Wien/Brüssel (OTS) – Unter dem Motto „Hände weg von der Natur“
startet der WWF gemeinsam
mit über 50 weiteren Umweltverbänden eine europaweite Petition gegen
die massiven Angriffe auf den EU-Naturschutz. Binnen eines Tages
haben bereits über 70.000 Menschen unterzeichnet. „ Die EU-Kommission
will zentrale Naturschutz-Gesetze mit der Brechstange schwächen, um
einseitige Konzern- und Lobby-Interessen zu bedienen. Das müssen wir
unbedingt verhindern. Auf dem Spiel stehen sauberes Wasser,
geschützte Arten und einzigartige Naturschätze “, sagt WWF-Experte
Reinhard Uhrig. Unter dem Deckmantel eines vermeintlichen
Bürokratieabbaus und einer einseitig interpretierten
Wettbewerbsfähigkeit Europas drohe ein „Kahlschlag“ bei
jahrzehntelang bewährten Gesetzen – darunter die
Wasserrahmenrichtlinie oder die Fauna-Flora-Habitat-Richtlinie (FFH)

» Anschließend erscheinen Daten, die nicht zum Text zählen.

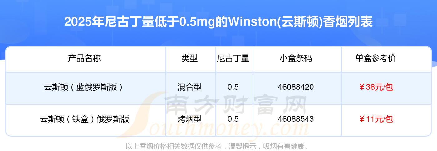 擇煙網(wǎng)為大家盤點(diǎn)了Winston(云斯頓)香煙尼古丁量低于0.5mg的,分別有云斯頓(藍(lán)俄羅斯版)、云斯頓(鐵盒)俄羅斯版等,具體價格如下:
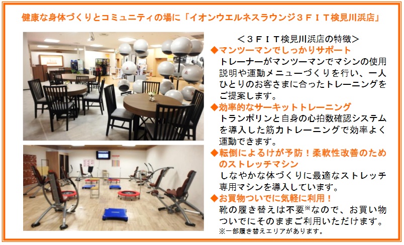イオンウエルネスラウンジ3FITは、イオンが運営するスポーツジムで、千葉市で初出店、全国3店舗目となる。シニア層をターゲットに、ストレッチ重視のマシンやプログラムを用意する。コミュニティを重視したラウンジスペースも設ける。
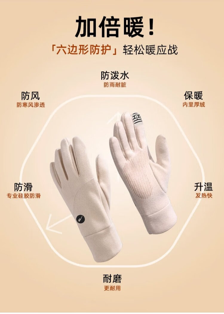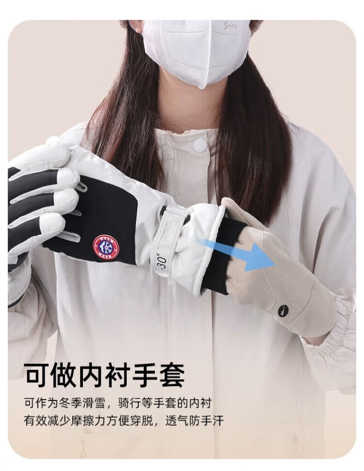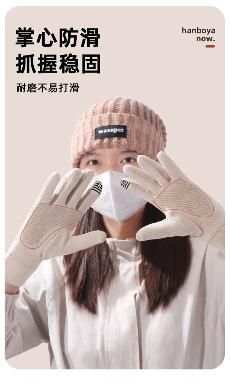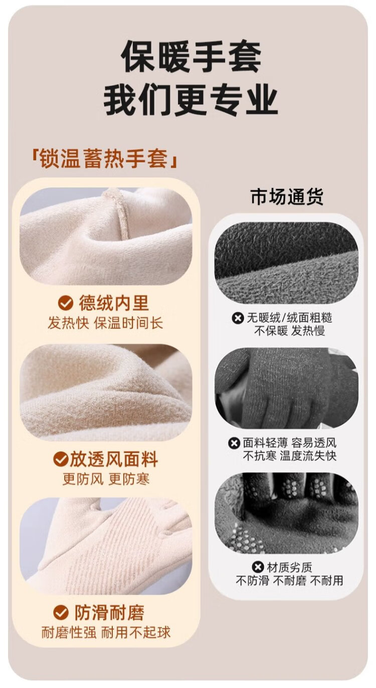 Pull back gloves women's winter warm plus velvet thick gloves men's touch screen non-slip windproof outdoor cycling extended cotton gloves
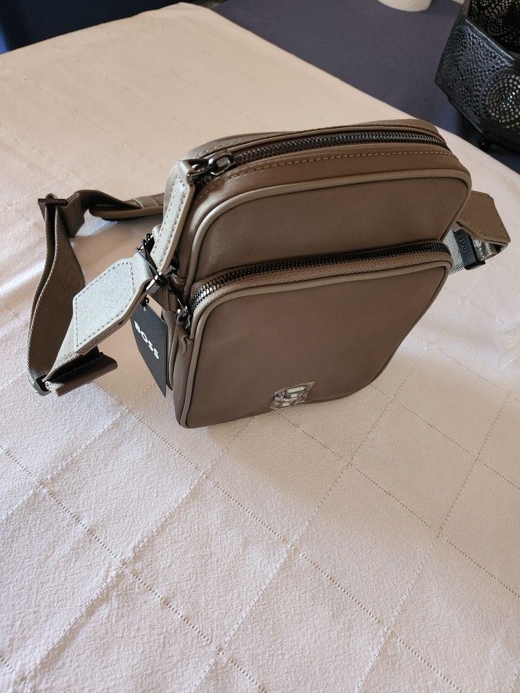 HUGO BOSS CROSS BODY BAG MEN ✅️ VERY NICE RARE COLOR LOOKS GREY AND LIGTH BURGUNDY MIXED HAVE TO SEE IT IN PERSON TO APPRECIATE IT✅️ NEW NEVER USED‼️✅️ 100% AUTHENTIC HAVE ORDER NUMBER AND DATE ORDER ON PICTURES...✅️ ASKING $160.00 FIRM
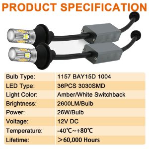 (Set of 2) 36Pcs 3030 high brightness LED chips per switchback LED bulb; Working voltage: 10V-30V (fits 12V, 24V vehicles)
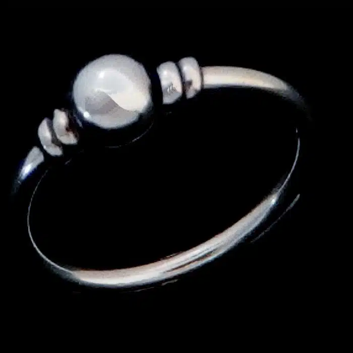 Bali hoop ring looks just like a Bali hoop sleeper but you can wear it on your finger. Bali Hoop Ring is sterling silver 92.5. We are just loving this ring variation and this new concept. The ball in the centre is highly polished and the ridges to each side set it off.
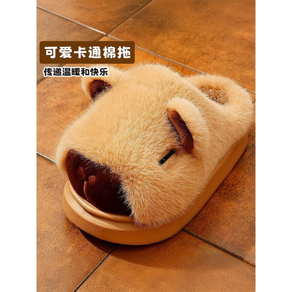 保暖防滑加绒女大童亲子棉鞋 卡皮巴拉儿童棉拖鞋 男孩拖鞋 新款 冬季

zum Erhalt der biologischen Vielfalt.
Im Zuge von Omnibus-Schnellverfahren – also ohne wissenschaftliche
Folgenabschätzungen und seriöse Einbindung der Öffentlichkeit – will
die EU-Kommission auf Druck von Industrielobbys wichtige Umweltregeln
schwächen oder ganz streichen. Unterstützung für diese kurzsichtigen
Vorhaben findet sie in nationalen Regierungen und im EU-Parlament.
„Die Gefahren sind sehr konkret: Wird etwa das
Verschlechterungsverbot für Flüsse und das Grundwasser gestrichen,
drohen wieder deutlich mehr Verschmutzung und Naturzerstörung. Zudem
wollen Vertreter der Chemie-, Bergbau- und Agrarlobby das Ziel eines
guten Zustands aller Gewässer bis 2027 um Jahre zu verschieben“, sagt
Reinhard Uhrig.
Gefährdete Arten im Visier
Darüber hinaus sägt die EU-Kommission bereits an der FFH-Richtlinie,
die gefährdete Arten wie Biber, Luchs und Fischotter sowie ihre
Lebensräume schützt. „Im aktuellen politischen Klima führt ein
Aufmachen dieser Richtlinie definitiv zu Verschlechterungen. Dabei
hängt die Gesundheit von Millionen Menschen an einer intakten
Biodiversität: an lebendigen Flüssen, gesunden Böden und Wäldern samt
der dort lebenden Schlüsselarten“, warnt WWF-Experte Reinhard Uhrig.
Dennoch drohe auch die EU-Entwaldungsverordnung weiter ausgehöhlt zu
werden.
Mehr Bodenversiegelung droht
Weitere Verschlechterungen drohen durch das geplante EU-
Industriepaket, das auch neue Privilegien für große Bauprojekte
bringen soll – auf Kosten der Natur und der
Öffentlichkeitsbeteiligung. „Noch mehr Bodenversiegelung ist keine
Lösung für die Probleme des 21. Jahrhunderts. Natürliche
Fließgewässer, Auen und Moore sind für die Artenvielfalt und den
Klimaschutz, aber auch als Quelle für unser Grund- und Trinkwasser
unverzichtbar“, sagt Reinhard Uhrig vom WWF.
Die Online-Petition „Hände weg vom Naturschutz“ kann auf der WWF-
Website unterzeichnet werden. Die europaweite Kampagne #
handsoffnature koordinieren WWF, BirdLife, Client Earth und das
European Environmental Bureau (EEB).